Journal of Hazardous Materials 2024 12 citations ? Citation count from OpenAlex, updated daily. May differ slightly from the publisher's own count. Score: 60 ? 0–100 AI score estimating relevance to the microplastics field. Papers below 30 are filtered from public browse.
Xiaoqian Qiu, Diwen Yang, Leixin Yu, Lichao Song, Lijuan Yang, Qinghai Yang

Summary

Researchers exposed earthworms to polyethylene microplastics of different sizes alongside a common fungicide and found that smaller microplastics caused the most severe oxidative stress and DNA damage. The microplastics also changed how much fungicide accumulated in the earthworms and disrupted their gut bacteria. This matters because earthworms are essential for soil health, and these effects could ripple through agricultural ecosystems that produce our food.

Polymers

Polyethylene microplastics (PE-MPs) are commonly found alongside fungicides in farmland soils. However, the toxic effects of varying PE-MP sizes and concentrations on soil fauna in fungicide-contaminated soils are unclear. This study aimed to investigate the impact of different PE-MP sizes (13, 48, and 150 µm) and concentrations (0.05 % and 0.25 %) on tebuconazole accumulation, oxidative stress, and gut bacteria in earthworms. The results indicated that earthworms exposed to MP13-H accumulated the highest tebuconazole on day 7, 19.77 % higher than tebuconazole alone, 7.27 % higher than MP48-H, and 10.30 % higher than MP150-H. MP13-H led to the most severe oxidative stress, significantly increasing the oxidative biomarkers catalase and peroxidase in earthworms. After 28 days, the expression of glutathione sulfotransferase genes was the lowest in the MP13-H group, while the antibacterial defense gene heat shock protein 70 and translationally controlled tumor protein were the highest, indicating severe DNA damage and increased toxicity to earthworms.

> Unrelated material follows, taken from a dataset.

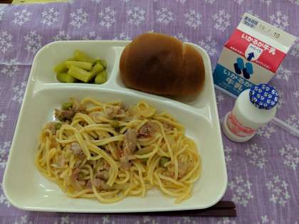 7月4日(木)のこんだては「ポークトマトスパゲッティ、グリーンアスパラガスのサラダ、発酵乳、1/2黒糖パン、牛乳」です。

Further, 150-µm PE-MPs caused the most severe damage to the intestinal epithelium. Moreover, PE-MPs induced an increase in the abundance of specific gut bacterial community associated with oxidative stress. The study suggested that PE-MPs changed the migration of fungicides to earthworms, induced oxidative stress, altered gene expression, and modified the gut microbiota, thereby increasing the risk to earthworms.